In Gerard Baker’s Wall Street Journal op-ed, he called out Gwen Walz, ex-teacher and wife of Progressive-Democratic Party Vice Presidential candidate, for her “teacher voice” instruction to Republican Vice Presidential candidate JD Vance in telling him to “mind your own business” on the subject of Vance’s remarks about traditional families.

Baker correctly noted that, further into her be quiet “teaching,” Walz distorted Vance’s position by emphatically suggesting, with no evidence to support her distortion, that Vance opposed nontraditional means of making babies, for instance fertility treatments. Then Baker added this:

[I]t was the “teacher voice” remark that I found instructive.
It unintentionally captured the Democratic idea of the polity they seek to lead and reshape. It spoke to how they view themselves—and us. They are the teachers, equipped with the knowledge and authority to direct their hapless charges. We are the students, naive and ill-informed, sometimes attentive but too often insubordinate, with minds that need to be shaped and disciplined.
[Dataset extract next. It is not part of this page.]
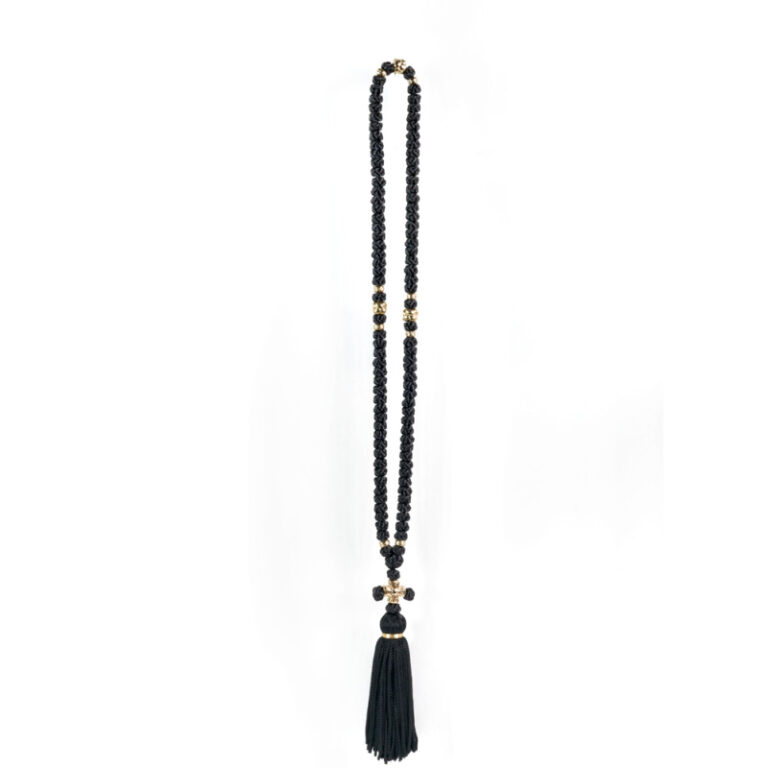Δεσποτικό κομποσχοίνι προσευχής, φλος με 100 χοντρούς κόμπους, φούντα με πλέξη και μεταλλικά σταυρουδάκια

I’ll be more straightforward and blunt: this is the contempt in which Progressive-Democratic Party politicians and the Left hold us average Americans. It continues and extends the contempt one of the founders of the modern progressive movement had toward us. In Herb Croly’s own words:

…the average American individual is morally and intellectually inadequate to a serious and consistent conception of his responsibilities as a democrat.
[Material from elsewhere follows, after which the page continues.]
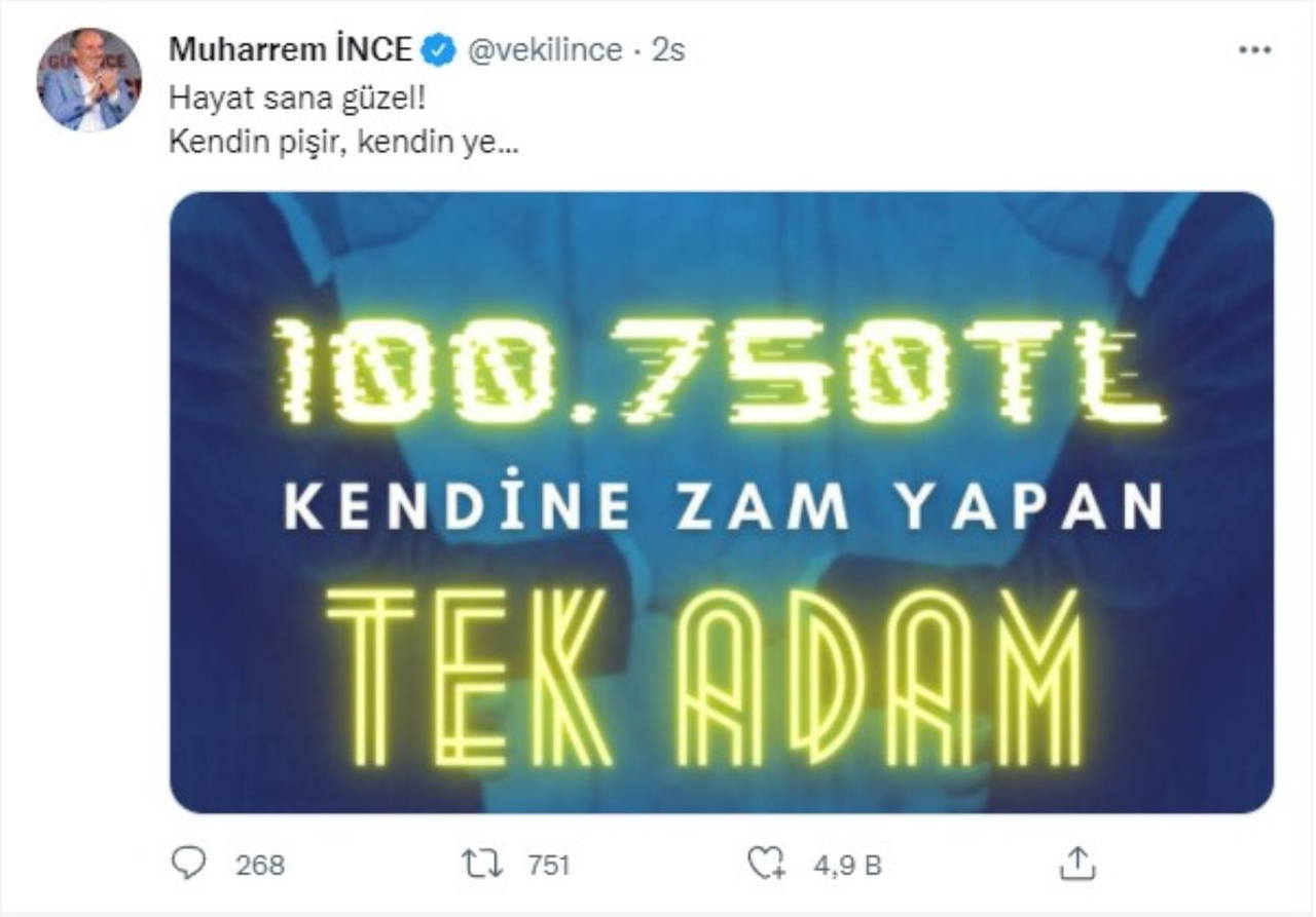 “100 bin 750 TL…Kendine zam yapan tek adam” ifadesinin yer aldığı görseli paylaşan İnce, “Hayat sana güzel! Kendin pişir, kendin ye…” notunu düştü.

It’s time to put an end to Party’s contempt for us, it’s time to put an end to Party’s attempt to rule over us, and the opportunity for that is this November.

This.Is.CNN

The Revisionist History Outlet more formally known as CNN is at it again. Regarding the death-by-terrorist-murder of the American-Israeli hostage, Hersh Goldberg-Polin, this is the outlet’s original headline on its Sunday article:

Israeli-American hostage Hersh Goldberg-Polin has died, family confirms via statement

After having been called out for their perfidious distortion aimed at whitewashing the terrorism and terrorists involved in the man’s murder, CNN “revised” its headline:

Israel’s military says six hostages ‘brutally murdered’ in Gaza, including Israeli-American Goldberg-Polin

The outlet didn’t even acknowledge the misstatement in its headline, not anywhere in its article. All the outlet had was a bare statement at the article’s bottom that This story has been updated. News articles that are published online routinely get updated as more news, or more facts, become available. There’s not a minim in CNN‘s present case regarding “updating” its headline.

Instead, the outlet has simply, and sotto voce, changed its headline while pretending the history preceding that change never existed at all.